3/19/2015

Divorce for small business owners: what to know


One of the most troubling things that can happen to a small business is the divorce of one of its founding partners, or in the case of a family business, the divorce of a company’s co-founders. If you’re a small business owner contemplating divorce, there are a handful of things you should consider before you begin the process.
1.      Be clear with yourself. Before you begin the process, ask yourself what you’re willing to sacrifice, what you aren’t willing to compromise on, and what costs you think your business can withstand. Also, as the process begins and wears on, be prepared to continually reevaluate the costs the divorce is taking on you and your business so that you can take appropriate action.
2.      Find the right attorney. Make sure, before you begin the divorce process, that your attorney understands what you want out of the situation and what you’re willing to sacrifice to get it. If you don’t have frank conversations with your attorney, you may end up spending unnecessary time and money on the divorce process, which can ultimately hurt your business.
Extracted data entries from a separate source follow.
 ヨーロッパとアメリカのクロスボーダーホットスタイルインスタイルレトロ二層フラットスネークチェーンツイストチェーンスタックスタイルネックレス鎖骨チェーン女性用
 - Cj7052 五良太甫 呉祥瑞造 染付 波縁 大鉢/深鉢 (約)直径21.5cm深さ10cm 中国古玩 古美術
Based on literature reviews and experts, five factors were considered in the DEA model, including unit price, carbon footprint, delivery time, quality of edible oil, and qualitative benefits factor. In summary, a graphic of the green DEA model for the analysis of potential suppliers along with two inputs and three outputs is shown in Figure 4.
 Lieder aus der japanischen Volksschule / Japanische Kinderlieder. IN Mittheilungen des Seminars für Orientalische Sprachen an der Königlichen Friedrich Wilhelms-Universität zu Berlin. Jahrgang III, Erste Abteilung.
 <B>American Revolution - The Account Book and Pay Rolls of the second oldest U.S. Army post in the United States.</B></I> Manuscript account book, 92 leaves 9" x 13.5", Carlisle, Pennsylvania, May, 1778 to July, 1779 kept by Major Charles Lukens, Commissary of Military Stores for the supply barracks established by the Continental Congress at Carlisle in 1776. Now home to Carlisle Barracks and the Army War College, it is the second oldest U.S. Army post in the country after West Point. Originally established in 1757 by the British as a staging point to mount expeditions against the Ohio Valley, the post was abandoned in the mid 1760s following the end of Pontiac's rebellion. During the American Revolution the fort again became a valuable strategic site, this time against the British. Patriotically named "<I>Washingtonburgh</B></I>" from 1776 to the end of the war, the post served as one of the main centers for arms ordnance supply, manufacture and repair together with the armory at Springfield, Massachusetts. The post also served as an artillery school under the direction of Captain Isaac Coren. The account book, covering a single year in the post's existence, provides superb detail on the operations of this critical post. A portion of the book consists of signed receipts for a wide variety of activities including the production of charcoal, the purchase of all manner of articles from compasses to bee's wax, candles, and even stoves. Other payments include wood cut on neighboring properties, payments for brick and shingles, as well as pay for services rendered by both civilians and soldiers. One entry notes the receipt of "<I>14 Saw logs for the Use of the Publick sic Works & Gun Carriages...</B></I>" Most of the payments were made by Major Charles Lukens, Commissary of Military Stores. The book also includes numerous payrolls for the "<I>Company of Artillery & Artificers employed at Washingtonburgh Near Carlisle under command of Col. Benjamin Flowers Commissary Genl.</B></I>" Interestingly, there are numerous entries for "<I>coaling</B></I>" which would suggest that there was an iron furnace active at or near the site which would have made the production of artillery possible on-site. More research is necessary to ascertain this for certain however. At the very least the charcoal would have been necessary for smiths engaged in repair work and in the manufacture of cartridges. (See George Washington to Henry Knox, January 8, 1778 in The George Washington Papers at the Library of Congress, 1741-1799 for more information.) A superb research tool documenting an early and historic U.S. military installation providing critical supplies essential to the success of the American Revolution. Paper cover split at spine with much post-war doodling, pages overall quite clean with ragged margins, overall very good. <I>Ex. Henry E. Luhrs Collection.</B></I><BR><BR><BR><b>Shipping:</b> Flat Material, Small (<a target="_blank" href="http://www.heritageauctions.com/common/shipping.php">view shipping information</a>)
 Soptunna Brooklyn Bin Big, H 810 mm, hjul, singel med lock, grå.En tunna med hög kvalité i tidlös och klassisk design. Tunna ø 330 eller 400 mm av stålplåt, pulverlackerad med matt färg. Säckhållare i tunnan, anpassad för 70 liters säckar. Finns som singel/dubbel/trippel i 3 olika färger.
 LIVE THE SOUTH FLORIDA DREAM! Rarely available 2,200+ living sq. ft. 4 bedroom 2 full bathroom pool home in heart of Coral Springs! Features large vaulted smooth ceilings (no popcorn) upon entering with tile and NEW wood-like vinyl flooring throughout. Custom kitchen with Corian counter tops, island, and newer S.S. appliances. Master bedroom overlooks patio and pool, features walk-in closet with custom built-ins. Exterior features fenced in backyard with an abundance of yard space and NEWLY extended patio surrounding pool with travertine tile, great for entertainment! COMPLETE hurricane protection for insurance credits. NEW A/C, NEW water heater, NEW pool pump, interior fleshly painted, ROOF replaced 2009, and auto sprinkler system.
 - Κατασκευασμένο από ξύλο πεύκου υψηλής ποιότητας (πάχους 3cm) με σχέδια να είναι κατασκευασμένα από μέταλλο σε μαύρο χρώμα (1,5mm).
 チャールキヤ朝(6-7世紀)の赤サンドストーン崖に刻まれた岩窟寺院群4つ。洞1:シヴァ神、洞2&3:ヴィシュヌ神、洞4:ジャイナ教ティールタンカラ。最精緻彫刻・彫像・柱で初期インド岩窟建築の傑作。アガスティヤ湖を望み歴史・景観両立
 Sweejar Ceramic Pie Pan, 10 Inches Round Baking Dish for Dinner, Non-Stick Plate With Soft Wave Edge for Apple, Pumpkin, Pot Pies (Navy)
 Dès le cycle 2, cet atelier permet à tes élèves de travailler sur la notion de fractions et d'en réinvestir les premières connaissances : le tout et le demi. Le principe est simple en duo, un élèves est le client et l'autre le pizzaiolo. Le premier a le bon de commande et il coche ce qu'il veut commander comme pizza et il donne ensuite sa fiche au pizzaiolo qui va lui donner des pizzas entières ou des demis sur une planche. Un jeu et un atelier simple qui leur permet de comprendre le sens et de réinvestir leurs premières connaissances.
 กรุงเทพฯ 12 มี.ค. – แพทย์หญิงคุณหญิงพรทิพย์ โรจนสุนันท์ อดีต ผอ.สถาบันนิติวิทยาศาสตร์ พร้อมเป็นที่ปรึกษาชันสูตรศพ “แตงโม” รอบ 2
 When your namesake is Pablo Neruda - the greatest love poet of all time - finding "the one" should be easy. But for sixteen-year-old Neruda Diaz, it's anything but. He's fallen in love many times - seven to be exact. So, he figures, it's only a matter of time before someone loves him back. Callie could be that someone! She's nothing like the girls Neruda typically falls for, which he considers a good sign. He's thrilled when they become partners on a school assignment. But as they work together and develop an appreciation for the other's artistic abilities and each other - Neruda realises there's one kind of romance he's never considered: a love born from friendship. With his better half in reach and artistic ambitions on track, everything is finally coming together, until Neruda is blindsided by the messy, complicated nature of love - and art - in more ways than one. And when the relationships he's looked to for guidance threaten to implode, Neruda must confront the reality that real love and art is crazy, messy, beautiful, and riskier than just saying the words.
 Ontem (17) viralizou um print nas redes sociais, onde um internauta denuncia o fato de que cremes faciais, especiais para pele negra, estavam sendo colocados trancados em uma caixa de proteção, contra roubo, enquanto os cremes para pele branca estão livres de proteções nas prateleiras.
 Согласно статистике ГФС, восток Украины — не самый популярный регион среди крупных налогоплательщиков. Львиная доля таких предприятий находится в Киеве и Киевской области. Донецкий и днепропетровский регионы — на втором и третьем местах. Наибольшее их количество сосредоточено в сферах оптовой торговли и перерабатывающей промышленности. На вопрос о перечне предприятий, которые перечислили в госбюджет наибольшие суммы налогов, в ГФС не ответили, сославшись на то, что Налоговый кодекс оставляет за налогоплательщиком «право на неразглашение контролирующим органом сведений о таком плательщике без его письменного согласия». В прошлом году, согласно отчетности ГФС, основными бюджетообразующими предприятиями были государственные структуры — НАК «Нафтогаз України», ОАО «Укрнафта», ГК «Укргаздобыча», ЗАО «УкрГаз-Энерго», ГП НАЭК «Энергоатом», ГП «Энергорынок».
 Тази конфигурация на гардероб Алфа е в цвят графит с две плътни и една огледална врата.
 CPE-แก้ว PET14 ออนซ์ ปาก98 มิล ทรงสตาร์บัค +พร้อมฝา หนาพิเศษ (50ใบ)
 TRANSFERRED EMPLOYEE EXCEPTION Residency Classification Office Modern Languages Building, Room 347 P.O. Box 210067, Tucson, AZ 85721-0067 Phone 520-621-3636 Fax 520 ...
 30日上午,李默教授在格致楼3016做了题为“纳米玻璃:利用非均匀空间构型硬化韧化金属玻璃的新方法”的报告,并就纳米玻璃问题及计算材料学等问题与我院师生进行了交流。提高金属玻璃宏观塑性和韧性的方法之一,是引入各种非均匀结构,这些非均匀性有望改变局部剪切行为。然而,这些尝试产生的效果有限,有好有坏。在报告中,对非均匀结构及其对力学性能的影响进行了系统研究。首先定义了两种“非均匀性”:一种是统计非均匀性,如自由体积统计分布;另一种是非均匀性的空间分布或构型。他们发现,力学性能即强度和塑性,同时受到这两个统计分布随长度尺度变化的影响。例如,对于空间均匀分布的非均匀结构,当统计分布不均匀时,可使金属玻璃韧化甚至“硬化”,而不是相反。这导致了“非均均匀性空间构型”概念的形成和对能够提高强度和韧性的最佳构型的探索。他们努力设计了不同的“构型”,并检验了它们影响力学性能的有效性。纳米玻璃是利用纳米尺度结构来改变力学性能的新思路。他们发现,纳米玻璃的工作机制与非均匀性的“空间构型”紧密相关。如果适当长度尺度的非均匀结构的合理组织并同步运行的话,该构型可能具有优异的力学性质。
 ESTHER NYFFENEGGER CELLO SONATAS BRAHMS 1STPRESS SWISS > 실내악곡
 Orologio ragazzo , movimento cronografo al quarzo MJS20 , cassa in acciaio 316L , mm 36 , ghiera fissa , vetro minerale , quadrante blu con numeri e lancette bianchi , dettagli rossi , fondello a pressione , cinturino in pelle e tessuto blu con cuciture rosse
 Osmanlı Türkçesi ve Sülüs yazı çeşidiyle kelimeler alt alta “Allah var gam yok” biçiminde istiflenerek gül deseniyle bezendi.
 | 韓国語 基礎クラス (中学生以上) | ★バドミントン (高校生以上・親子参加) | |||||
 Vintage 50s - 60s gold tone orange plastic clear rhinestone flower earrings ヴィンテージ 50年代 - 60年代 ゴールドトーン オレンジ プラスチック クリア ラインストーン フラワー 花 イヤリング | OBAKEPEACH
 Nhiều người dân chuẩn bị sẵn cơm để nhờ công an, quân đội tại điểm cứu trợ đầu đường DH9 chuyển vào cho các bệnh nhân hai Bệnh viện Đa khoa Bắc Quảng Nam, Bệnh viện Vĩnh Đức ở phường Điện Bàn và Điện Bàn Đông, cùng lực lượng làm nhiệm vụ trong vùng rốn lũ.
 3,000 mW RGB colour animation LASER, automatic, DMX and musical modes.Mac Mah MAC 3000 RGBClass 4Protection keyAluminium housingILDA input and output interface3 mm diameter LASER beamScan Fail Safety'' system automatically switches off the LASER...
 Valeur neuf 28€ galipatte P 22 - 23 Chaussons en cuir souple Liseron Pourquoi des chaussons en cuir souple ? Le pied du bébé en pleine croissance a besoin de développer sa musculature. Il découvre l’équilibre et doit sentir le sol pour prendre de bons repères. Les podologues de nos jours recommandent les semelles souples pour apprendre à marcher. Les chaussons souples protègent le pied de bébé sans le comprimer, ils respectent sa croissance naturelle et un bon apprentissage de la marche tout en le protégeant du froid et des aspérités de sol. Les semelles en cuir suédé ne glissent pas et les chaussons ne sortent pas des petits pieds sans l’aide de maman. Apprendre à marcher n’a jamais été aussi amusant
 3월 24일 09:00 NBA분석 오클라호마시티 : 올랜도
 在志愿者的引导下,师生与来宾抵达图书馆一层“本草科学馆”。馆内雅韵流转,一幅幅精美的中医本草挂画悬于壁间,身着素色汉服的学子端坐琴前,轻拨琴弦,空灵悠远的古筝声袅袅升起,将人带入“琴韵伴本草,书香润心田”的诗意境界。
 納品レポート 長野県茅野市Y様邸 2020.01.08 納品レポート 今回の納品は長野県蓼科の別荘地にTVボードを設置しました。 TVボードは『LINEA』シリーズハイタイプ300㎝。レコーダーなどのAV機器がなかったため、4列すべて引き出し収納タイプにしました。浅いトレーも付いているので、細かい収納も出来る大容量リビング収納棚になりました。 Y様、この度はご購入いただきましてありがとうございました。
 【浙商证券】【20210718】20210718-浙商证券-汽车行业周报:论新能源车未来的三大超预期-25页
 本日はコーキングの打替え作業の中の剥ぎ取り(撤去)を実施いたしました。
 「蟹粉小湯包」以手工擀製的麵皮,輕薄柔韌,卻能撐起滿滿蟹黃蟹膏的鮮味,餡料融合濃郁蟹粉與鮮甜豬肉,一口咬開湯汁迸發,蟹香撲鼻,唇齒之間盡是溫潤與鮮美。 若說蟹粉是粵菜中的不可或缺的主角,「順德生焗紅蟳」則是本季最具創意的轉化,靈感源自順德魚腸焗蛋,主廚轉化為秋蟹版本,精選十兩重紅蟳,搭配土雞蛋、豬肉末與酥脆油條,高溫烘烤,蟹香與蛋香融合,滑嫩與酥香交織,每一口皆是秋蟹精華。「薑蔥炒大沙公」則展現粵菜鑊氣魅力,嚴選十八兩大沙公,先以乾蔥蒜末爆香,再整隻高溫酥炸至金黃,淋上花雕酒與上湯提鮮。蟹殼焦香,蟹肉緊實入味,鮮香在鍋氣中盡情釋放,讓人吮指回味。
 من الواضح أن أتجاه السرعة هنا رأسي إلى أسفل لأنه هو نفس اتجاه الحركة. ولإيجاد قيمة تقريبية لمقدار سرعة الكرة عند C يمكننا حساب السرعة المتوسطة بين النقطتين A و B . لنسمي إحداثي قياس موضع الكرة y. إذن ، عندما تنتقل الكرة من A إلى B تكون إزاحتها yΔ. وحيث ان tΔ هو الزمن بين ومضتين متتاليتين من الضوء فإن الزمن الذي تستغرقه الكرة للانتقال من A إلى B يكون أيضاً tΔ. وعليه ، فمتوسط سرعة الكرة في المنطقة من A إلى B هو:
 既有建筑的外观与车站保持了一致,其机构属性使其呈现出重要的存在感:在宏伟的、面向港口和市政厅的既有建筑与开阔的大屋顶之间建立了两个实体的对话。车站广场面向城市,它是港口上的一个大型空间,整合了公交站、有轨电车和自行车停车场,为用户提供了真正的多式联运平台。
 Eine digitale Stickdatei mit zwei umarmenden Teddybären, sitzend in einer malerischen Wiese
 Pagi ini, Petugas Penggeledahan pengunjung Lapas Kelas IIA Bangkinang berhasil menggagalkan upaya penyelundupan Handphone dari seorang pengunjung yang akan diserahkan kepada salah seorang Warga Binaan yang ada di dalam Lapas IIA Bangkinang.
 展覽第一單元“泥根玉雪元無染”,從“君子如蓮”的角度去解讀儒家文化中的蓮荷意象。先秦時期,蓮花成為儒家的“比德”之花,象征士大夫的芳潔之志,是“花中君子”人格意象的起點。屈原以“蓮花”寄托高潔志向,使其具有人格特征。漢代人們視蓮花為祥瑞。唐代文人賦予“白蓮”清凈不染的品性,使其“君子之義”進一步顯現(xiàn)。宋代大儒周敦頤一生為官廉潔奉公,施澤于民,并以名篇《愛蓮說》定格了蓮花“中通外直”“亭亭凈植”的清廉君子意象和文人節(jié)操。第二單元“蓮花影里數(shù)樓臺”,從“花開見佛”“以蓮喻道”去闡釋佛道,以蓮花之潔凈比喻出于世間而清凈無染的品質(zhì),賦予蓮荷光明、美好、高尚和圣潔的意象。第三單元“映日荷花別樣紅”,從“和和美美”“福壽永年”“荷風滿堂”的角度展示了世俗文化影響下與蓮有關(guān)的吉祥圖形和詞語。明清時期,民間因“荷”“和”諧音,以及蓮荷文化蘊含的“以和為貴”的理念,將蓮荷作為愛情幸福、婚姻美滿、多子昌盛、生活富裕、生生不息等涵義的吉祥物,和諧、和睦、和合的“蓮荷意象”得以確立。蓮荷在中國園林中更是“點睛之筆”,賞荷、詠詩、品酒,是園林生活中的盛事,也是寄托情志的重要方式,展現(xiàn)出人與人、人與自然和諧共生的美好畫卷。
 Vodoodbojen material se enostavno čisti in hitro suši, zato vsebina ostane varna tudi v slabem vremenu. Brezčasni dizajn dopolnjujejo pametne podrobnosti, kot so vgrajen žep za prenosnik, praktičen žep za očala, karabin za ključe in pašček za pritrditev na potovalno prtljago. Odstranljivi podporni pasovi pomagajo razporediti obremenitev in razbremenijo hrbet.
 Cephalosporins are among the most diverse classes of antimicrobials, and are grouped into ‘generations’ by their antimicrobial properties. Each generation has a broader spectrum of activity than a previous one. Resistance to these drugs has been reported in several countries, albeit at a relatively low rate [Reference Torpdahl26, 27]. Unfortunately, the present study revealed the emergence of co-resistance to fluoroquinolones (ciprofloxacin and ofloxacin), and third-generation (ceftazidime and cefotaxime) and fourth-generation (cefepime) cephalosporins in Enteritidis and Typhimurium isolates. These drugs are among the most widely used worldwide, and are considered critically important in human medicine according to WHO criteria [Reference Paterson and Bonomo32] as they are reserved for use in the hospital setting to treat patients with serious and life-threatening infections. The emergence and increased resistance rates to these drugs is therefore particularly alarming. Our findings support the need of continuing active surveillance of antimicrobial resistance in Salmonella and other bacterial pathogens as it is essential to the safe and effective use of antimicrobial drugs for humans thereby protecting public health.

3.      Use additional resources. Many small business owners surround themselves with a team of advisors — use them as you work through your divorce. Financial advisors, mentors, trusted associates, friends and family can all provide valuable insights during your divorce. Use them when you need to.
4.      Hire experts. In addition to utilizing your personal network and working with the right attorney, a business valuation expert can help you save time and money when it comes to evaluating the value of your business.
5.      Prepare for the lasting effects of the divorce. The process may take a year or more, but the long lasting effects, both financial and emotional, can take much longer, so be prepared to deal with the continued effects.